Add these imports into src/pages/home.js
// redux and fusion helpers
import { compose } from "redux";
import { connect } from "react-redux";
import { prepared } from "fusion-react";
import { withRPCRedux } from "fusion-plugin-rpc-redux-react";
// types
import type { ConcertT } from "../redux/concerts";
And this will create an HOC that connects our page to the store and it also triggers getConcerts
fetch when doing server-side rendering
const hoc = compose(
// generates Redux actions and
// a React prop for the `getConcerts` RPC call
withRPCRedux("getConcerts"),
// expose the Redux state to React props
connect(({ concerts }) => ({ concerts })),
// invokes the passed in method on component hydration
prepared(props => {
if (props.concerts.loading || props.concerts.data.length) {
return Promise.resolve();
}
return props.getConcerts();
})
);
export default hoc(Home);
Let's update our flow types
class Home extends React.Component<
{
getConcerts: () => void,
concerts: { data: ConcertT[], error: ?string }
},
{ search: string }
> {
/* ... */
}
And finally, replace CONCERTS
with this.props.concerts.data
. Now you should see the list of events again 🎉🎉🎉. However, this time our application fetches them from the public API!
Note the client doesn't NOT make an XHR call to https://apis.is/concerts
- it's all done on the server and browser already receives all events (rendered HTML elements and also as serialized redux state).
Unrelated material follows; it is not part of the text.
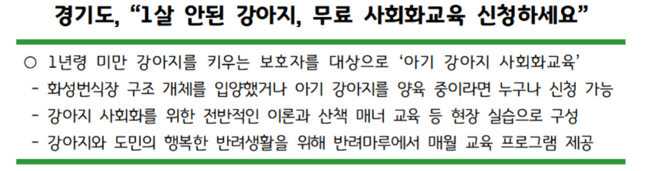 ‘아기 강아지 사회화 교육’은 경기도의 반려동물 문화교육 중 하나로 경기도는 매월 다양한 주제를 선정해 교육을 진행하고 있습니다.
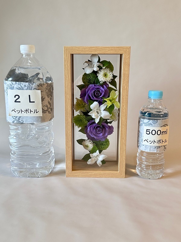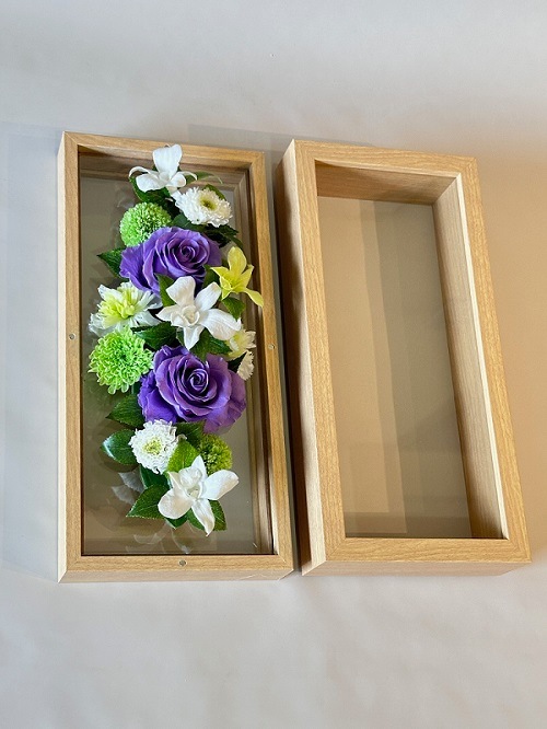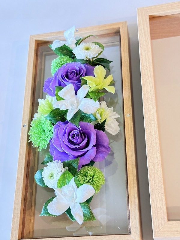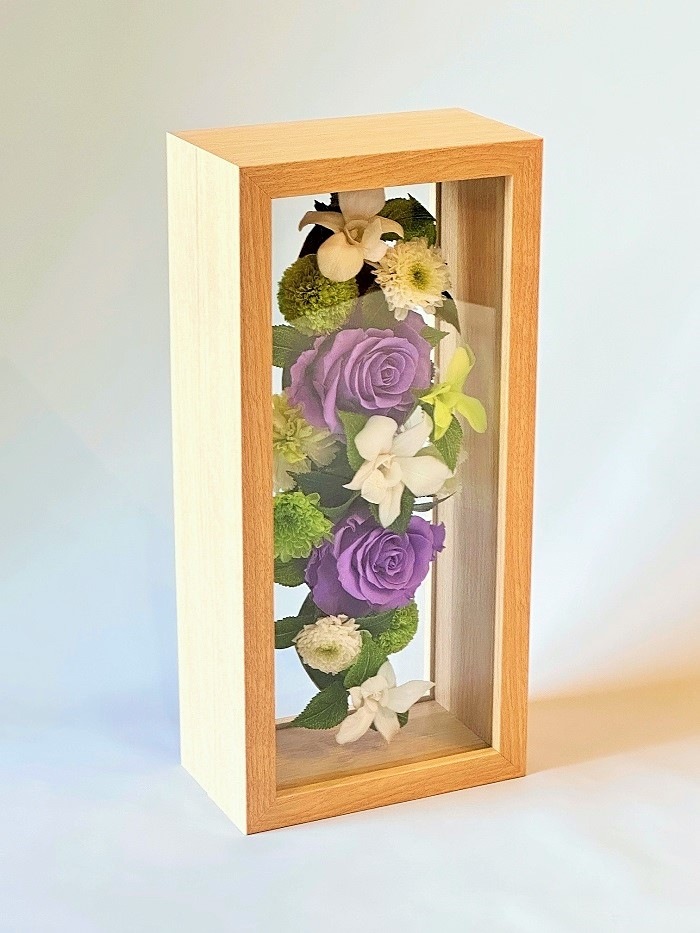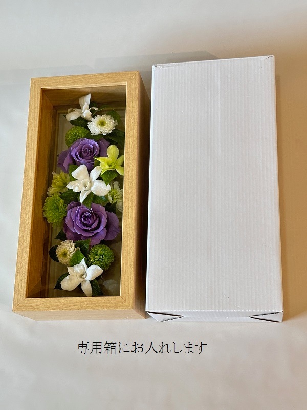 プリザーブドフラワーお供え花 ウッドフレーム大(ベージュ) 紫バラ(高さ30cm)

That's it!
The Home component has also an access to this.props.getConcerts()
, so for example, you could re-fetch the data like this
componentDidMount() {
// optional re-fetch on the client
this.props.getConcerts();
}
For the full example you can clone and explore this repository. It has some extra code to gracefully handle fetch errors and display a nice user notification.